Nous voulions éviter de longer les routes. Nous avons quand même dû marcher quelques kilomètres sur le macadam de petites routes qui nous ont chauffé les pieds.
En voiture il faut 8 heures et 380 km.
Nous arrivons au rempart d’Essaouira, tout proche du port à « Bab Sbah » la porte du Lion. C’est là où les caravanes venant du Sud et de l’ancien Soudan déchargeaient leurs marchandises. Transportant de l’or, des plumes précieuses d’oiseaux pour orner les coiffes de ces belles dames de Londre où Paris. La teinture de couleur pourpre (rose à rouge violacé), extraite du coquillage « weurk nouz» (en Berbère). Ce mollusque Murex provenant de l’île de Mogador fournissait Rome. Et une multitude d’autres raretés.
Les bateaux d’époques étaient chargés de ces marchandises pour longer la côte Marocaine et prendre la route de la Méditerranée où continuer au nord au long de l’Atlantique.
C’est une grande joie de fouler cette porte. Nora nous a rejoint. Mes amis m’invitent dans la foulée à une petite visite commentée de « Souira ». Quelle chance d’apprendre de nouveaux détails. Belaid m’explique qu’il y a 20 ans il peignait les vendeurs de céréales sur la place aux grains. Je me souviens aussi de toutes ces échoppes garnies, aujourd’hui transformées en cafés et petits restaurants. Nora me montrera l’ancien consulat de France où une plaque rappelle que Charles de Foucauld y est arrivé le 28 janvier 1884.

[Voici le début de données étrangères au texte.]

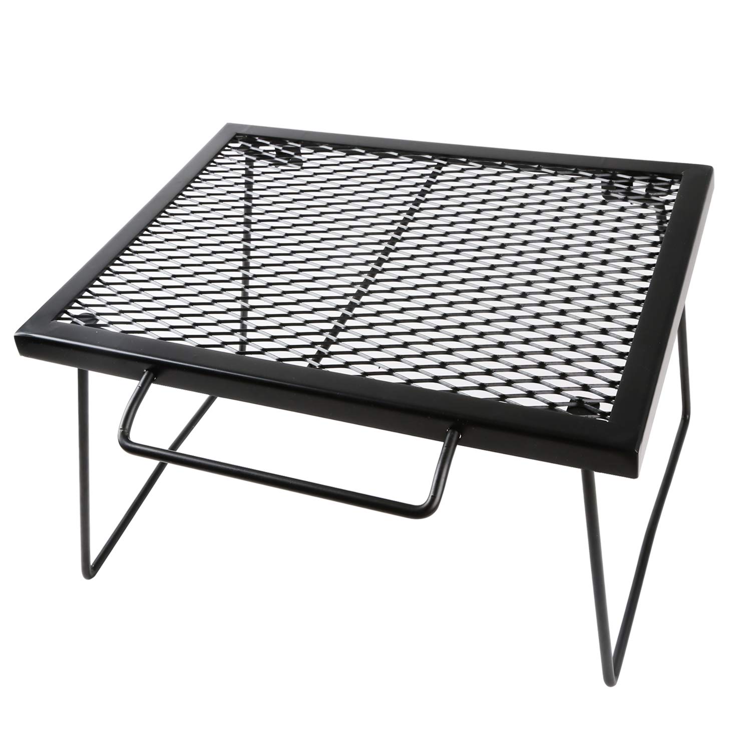 【1年間保証】アウトドア キャンプ テーブル 耐熱耐蝕 メッシュテーブル ロースタイル スチールテーブル 折りたたみテーブル メッシュ天板 持ち運び便利 コンパクト BBQ 庭 屋外メッシュテーブル 焚き火テーブル 折りたたみ 43×32×26cm サイド持ち手/収納袋付 アイアン製 マルチスタンド ローテーブル 頑丈 直火利用可能 コンロ置き ピクニック ソロ キャンプ アウトドア MT009【一台多役】実用的
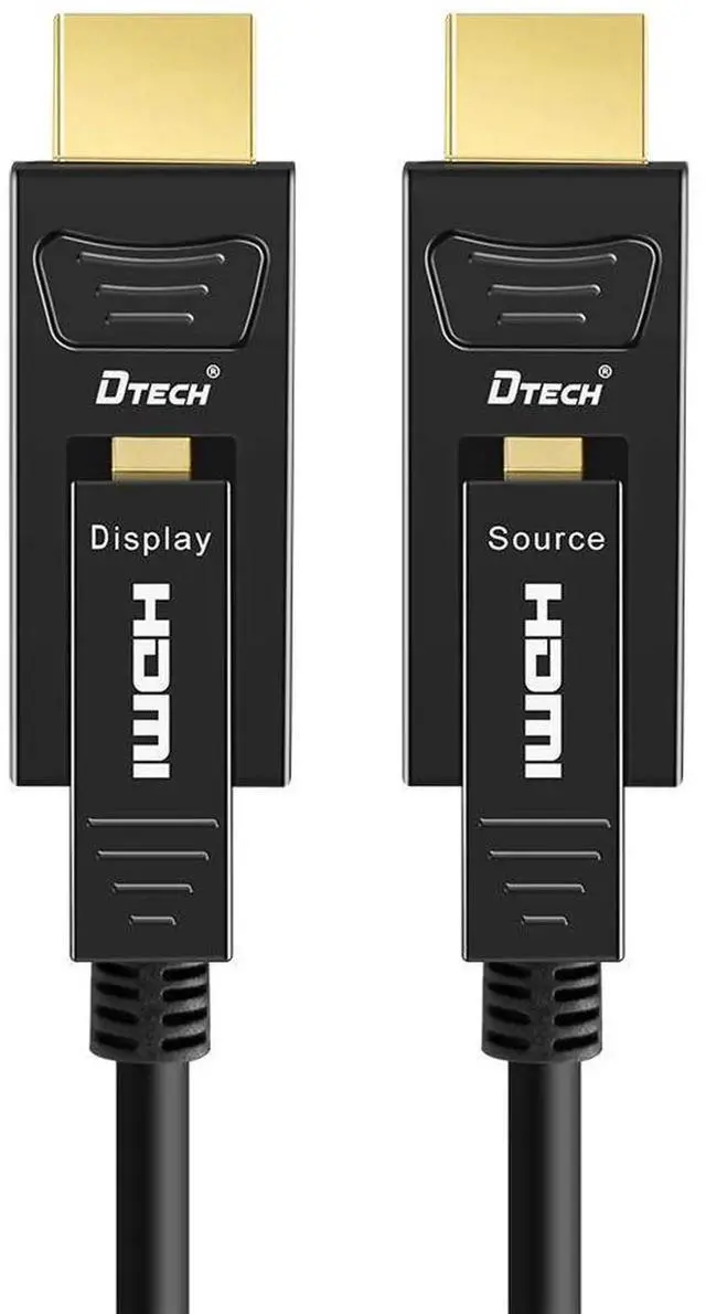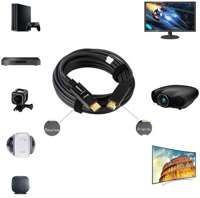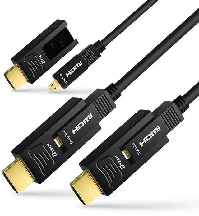 This 50-foot fiber optic HDMI cable supports 4K@60Hz resolution with 4:4:4 chroma subsampling, delivering pristine, detailed picture quality with full color accuracy. Built with fiber optic core, it ensures stable, interference-free signal transmission over long distances with no quality loss. The 18Gbps high-speed bandwidth supports smooth Ultra HD streaming and gaming. Featuring a standard HDMI to Micro HDMI dual connector design, it is widely compatible with TVs, projectors, computers, monitors, DSLR cameras and other HDMI/Micro HDMI-enabled devices. Perfect for home theaters, in-wall installations, presentations and professional AV setups.
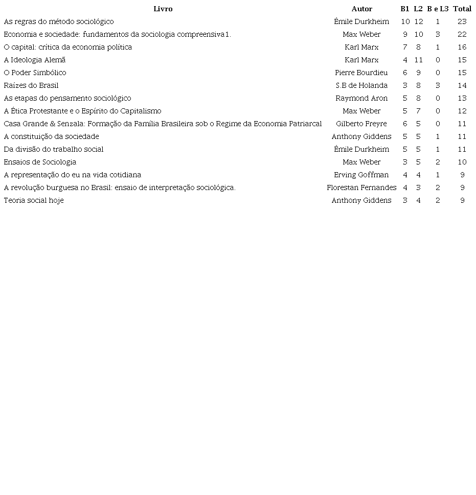 A análise dos autores mais indicados ressalta a centralidade da tríade de clássicos apontada fartamente pela literatura e da qual falamos anteriormente. Em ordem do número de citações, Marx, Weber e Durkheim constituem os três principais nomes (Tabela 5) e As regras do método sociológico, Economia e sociedade e O capital (Tabela 6) os textos mais indicados desses autores quando se reflete sobre os anos iniciais de formação da Sociologia. Digna de nota também é a presença de As etapas do método sociológico, de Raymond Aron, como a sétima obra mais indicada. Nessa obra, publicada pela primeira vez em 1967 na França (e traduzida em 1982 para o português), Aron revisita autores europeus do cânone e reconstrói os eventos históricos que permearam a produção social no estabelecimento da sociologia, reafirmando a importância da modernidade no estabelecimento da ciência social ao final do século XIX. A presença deste livro como referência reforça o lugar de uma narrativa em torno do cânone e a pouca abertura para outras perspectivas da história da sociologia.

J’ai eu plaisir en cette fin de journée chargée d’émotions à déambuler dans ses ruelles animées, aux odeurs de « chbakilla » (pâtisserie du Ramadan), menthes poivrée, « fleîo » et autres herbes, fruits et légumes fraîchement ramassés et appétissants.
Le dernier croissant de lune est si amincit qu’il nous annonce la fin proche du Ramadan et les achats traditionnels pour les enfants à l’occasion de l’Aid.
Toutes ces échoppes garnies et multicolores réjouissent mon regard.
Quelle belle fin cette traversée me mêlant à cette mosaïque et à la foule « Souirie » animée par la fin de journée., arrivée Essaouira.